Lupe Pena, 35, said her mother, three brothers and three sisters have dealt with her father's killing in different ways. Sometimes they'll recall a joke he told and share a laugh. Other times, a gift from him, or a photo, will bring a rush of memories and emotion.

"It's weird what triggers you," she said.

Pena said the killing was especially hard for one of her brothers, Edgar, who had worked with their father. She said it was "too rough" for Edgar to keep working at J. Pena Home Services, a company their father started in California and continued when the family moved to Little Rock in 1998.

Edgar moved to Arizona a few months after the killing, she said.

Lupe Pena said the arrests last week in Ramiya's death made her wonder, again, when the person who killed her father will be arrested. The toddler and Jesus Pena were killed the same day.

"For the safety of other people, I genuinely want this person to be caught," she said. "Not because I want them to be punished. I don't need to see them punished. But I do need to feel that my community is safe."

It's unclear how police developed Jackson and Rushing as suspects in Ramiya's killing. Little Rock District Court has sealed probable-cause affidavits filed in the case.

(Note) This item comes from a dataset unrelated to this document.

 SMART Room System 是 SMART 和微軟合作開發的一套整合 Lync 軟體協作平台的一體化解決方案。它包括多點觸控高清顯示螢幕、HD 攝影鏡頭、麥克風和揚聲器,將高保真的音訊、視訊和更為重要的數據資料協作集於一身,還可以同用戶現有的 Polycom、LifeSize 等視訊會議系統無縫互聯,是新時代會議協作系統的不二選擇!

Moore said that just because police haven't arrested someone in a homicide doesn't mean detectives don't know who was involved. He said detectives are often quietly searching for witnesses and examining evidence -- working to build a case.

If a case stalls, Moore said, police might do something to "stir it up," such as release new details on the killing, announce a reward, or publicly ask for witnesses to come forward.

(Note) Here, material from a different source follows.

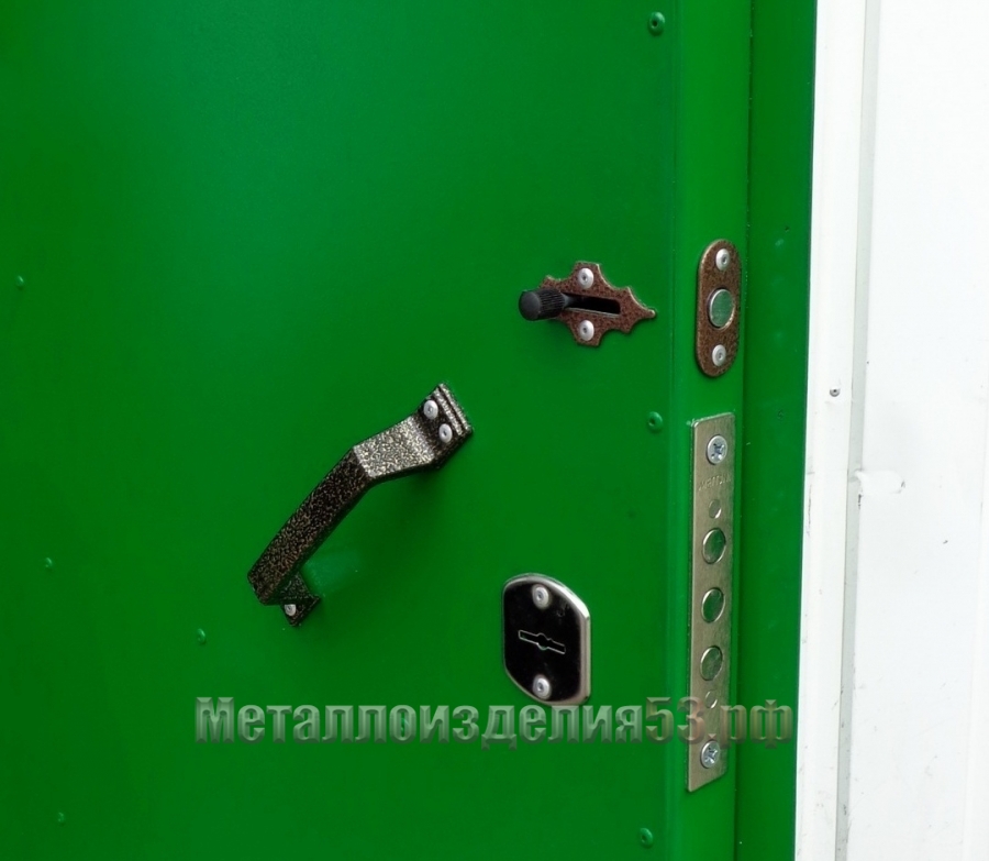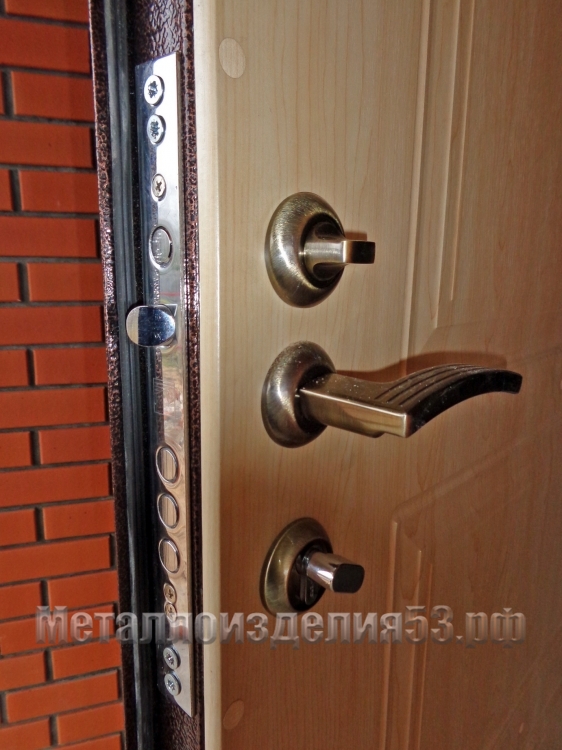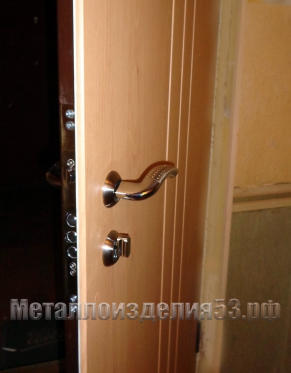 Замок, защелка и ручка двери металлической с МДФ

Sometimes the phone rings, sometimes it doesn't.

For certain unsolved homicides, the Police Department has organized a four-person cold-case unit of retired detectives. The group is scheduled to begin working part time in June.

Police said investigations into the 15 unsolved killings from 2016 are ongoing.

Other cases include the killing of Larry Williams, 42, who was found fatally shot Feb. 26, 2016, inside a home on East Eighth Street; the death in June of Pedro Camarillo, 48, who was sitting in a car on Hazel Street when a man dressed in black approached the vehicle and shot him; and Gary Jackson, 42, who died after being shot in November by someone traveling in a green car on John Barrow Road, according to police reports.

Moore said it's impossible to predict how long any homicide case stays open.

"It may go quiet for weeks or months," he said. "And then one day you get a phone call."